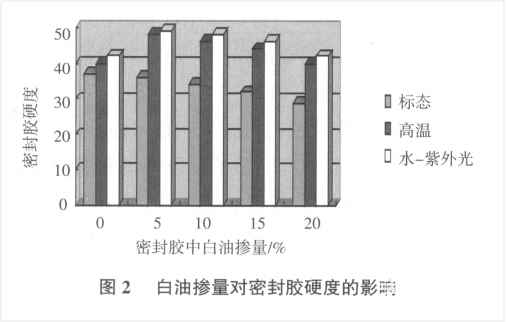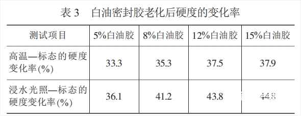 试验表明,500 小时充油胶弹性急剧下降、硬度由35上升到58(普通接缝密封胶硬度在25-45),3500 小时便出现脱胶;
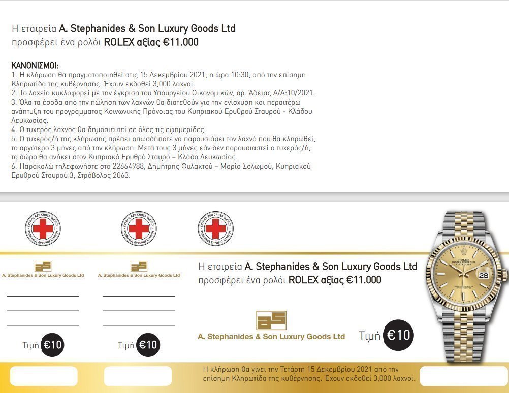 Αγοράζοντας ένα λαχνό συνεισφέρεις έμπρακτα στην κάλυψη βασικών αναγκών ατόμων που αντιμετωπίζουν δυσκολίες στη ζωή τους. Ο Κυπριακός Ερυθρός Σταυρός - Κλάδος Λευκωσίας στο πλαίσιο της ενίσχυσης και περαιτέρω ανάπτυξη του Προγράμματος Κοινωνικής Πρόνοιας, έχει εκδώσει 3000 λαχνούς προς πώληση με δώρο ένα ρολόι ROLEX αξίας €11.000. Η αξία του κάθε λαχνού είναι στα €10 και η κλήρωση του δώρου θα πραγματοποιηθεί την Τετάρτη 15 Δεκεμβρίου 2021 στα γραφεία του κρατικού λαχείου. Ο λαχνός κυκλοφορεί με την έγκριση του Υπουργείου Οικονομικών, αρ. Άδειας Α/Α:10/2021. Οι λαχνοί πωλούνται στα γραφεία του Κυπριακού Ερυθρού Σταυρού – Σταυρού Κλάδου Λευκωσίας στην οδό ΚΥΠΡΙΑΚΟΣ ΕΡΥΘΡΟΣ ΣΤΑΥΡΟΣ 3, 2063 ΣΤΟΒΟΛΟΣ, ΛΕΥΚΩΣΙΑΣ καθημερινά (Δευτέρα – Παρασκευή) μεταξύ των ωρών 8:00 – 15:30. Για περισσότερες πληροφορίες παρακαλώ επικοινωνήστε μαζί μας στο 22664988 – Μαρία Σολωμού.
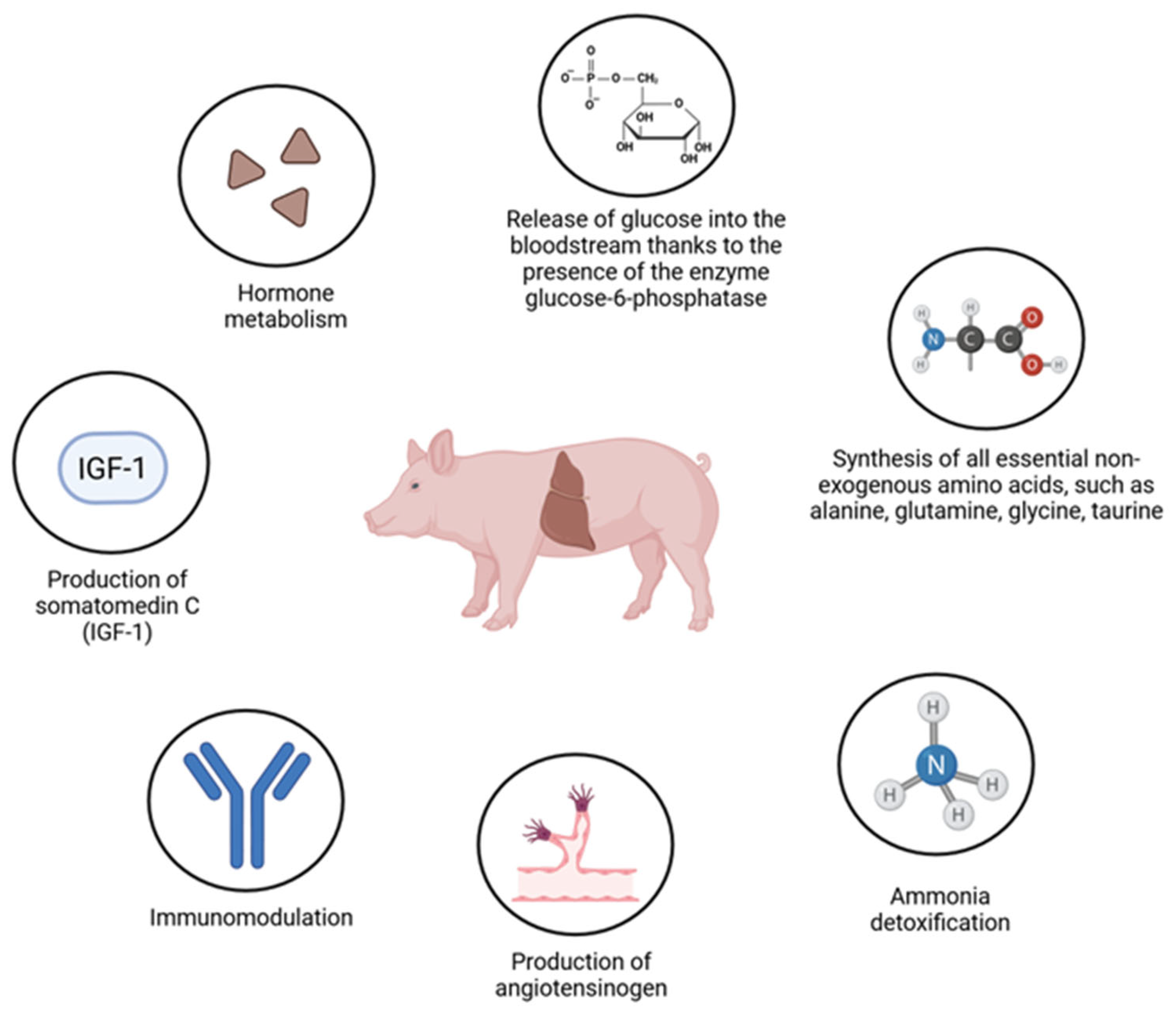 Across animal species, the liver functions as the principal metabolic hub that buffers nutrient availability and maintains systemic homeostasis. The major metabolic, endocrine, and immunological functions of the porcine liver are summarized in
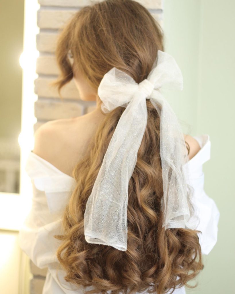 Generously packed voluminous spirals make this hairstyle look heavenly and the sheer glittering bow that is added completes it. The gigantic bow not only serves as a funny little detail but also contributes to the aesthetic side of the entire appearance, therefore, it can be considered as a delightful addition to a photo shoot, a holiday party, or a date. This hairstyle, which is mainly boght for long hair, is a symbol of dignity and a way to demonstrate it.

_____

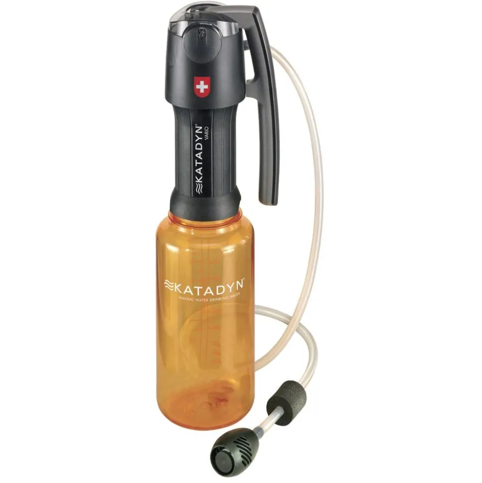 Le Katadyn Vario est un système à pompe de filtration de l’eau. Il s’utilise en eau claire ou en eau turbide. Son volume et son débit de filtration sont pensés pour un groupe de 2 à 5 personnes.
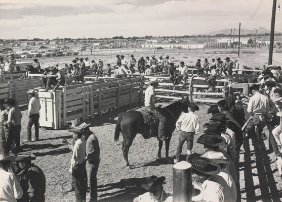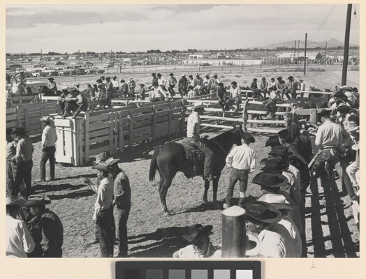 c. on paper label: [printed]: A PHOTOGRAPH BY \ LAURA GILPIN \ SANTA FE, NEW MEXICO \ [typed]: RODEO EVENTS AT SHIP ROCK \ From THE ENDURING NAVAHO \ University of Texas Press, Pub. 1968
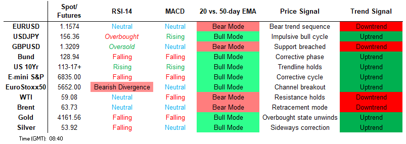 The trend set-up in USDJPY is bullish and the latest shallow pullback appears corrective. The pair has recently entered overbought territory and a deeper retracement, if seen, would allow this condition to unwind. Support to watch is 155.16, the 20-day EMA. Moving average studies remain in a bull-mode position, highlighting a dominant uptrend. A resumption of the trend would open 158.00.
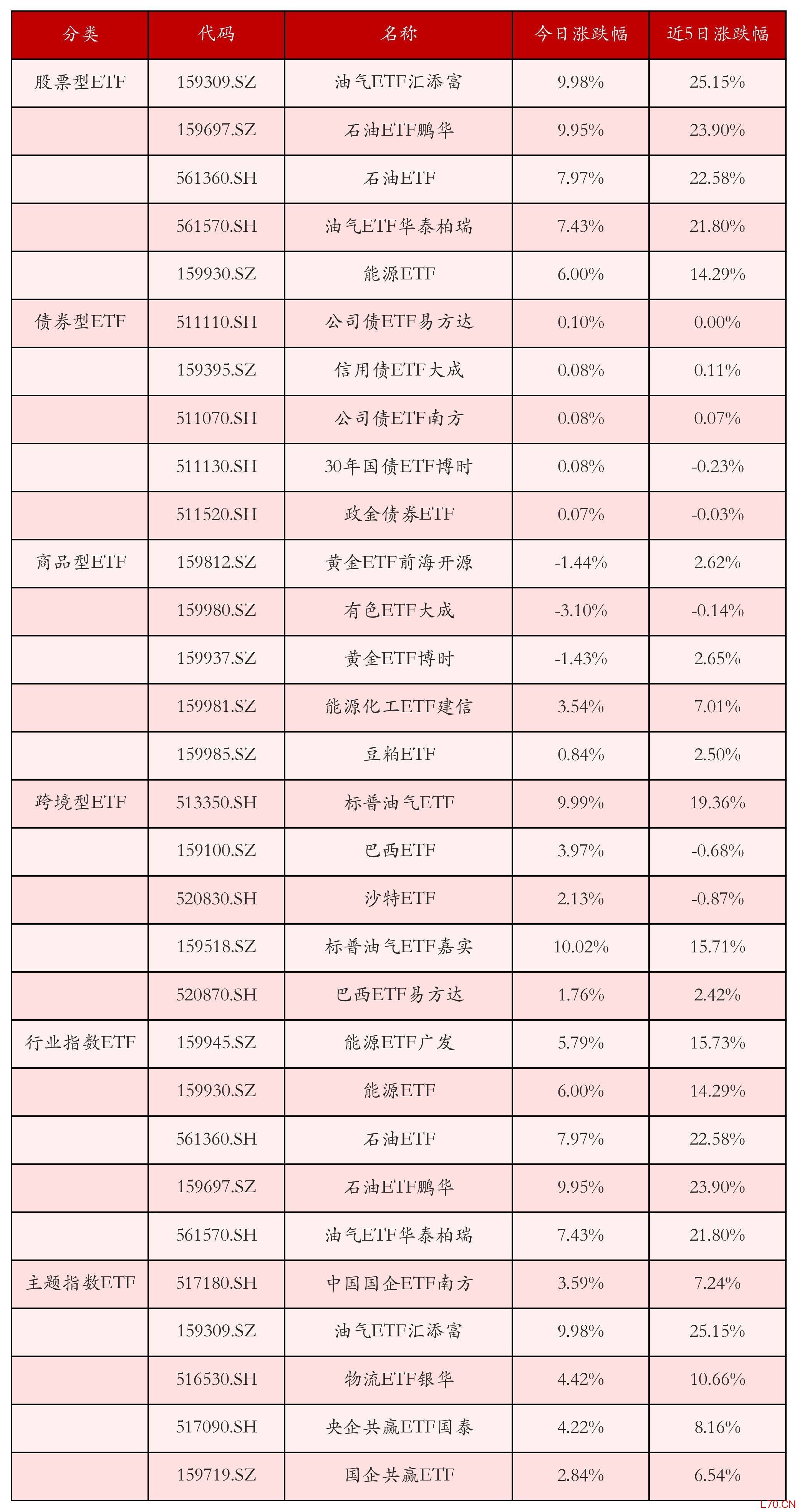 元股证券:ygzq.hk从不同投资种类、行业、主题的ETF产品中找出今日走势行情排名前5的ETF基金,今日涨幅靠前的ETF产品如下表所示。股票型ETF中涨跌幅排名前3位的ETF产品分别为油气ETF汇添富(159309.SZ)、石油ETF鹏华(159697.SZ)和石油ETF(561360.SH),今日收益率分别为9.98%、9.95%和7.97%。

_____

# WHAT TO DO
Using the data above, retype exactly and only the lines from the one containing "The trend set-up" up to and including the one containing "元股证券:ygzq.hk从不", with no pictures carried over.

# EXERCISE SOLUTION
 The trend set-up in USDJPY is bullish and the latest shallow pullback appears corrective. The pair has recently entered overbought territory and a deeper retracement, if seen, would allow this condition to unwind. Support to watch is 155.16, the 20-day EMA. Moving average studies remain in a bull-mode position, highlighting a dominant uptrend. A resumption of the trend would open 158.00.
 元股证券:ygzq.hk从不同投资种类、行业、主题的ETF产品中找出今日走势行情排名前5的ETF基金,今日涨幅靠前的ETF产品如下表所示。股票型ETF中涨跌幅排名前3位的ETF产品分别为油气ETF汇添富(159309.SZ)、石油ETF鹏华(159697.SZ)和石油ETF(561360.SH),今日收益率分别为9.98%、9.95%和7.97%。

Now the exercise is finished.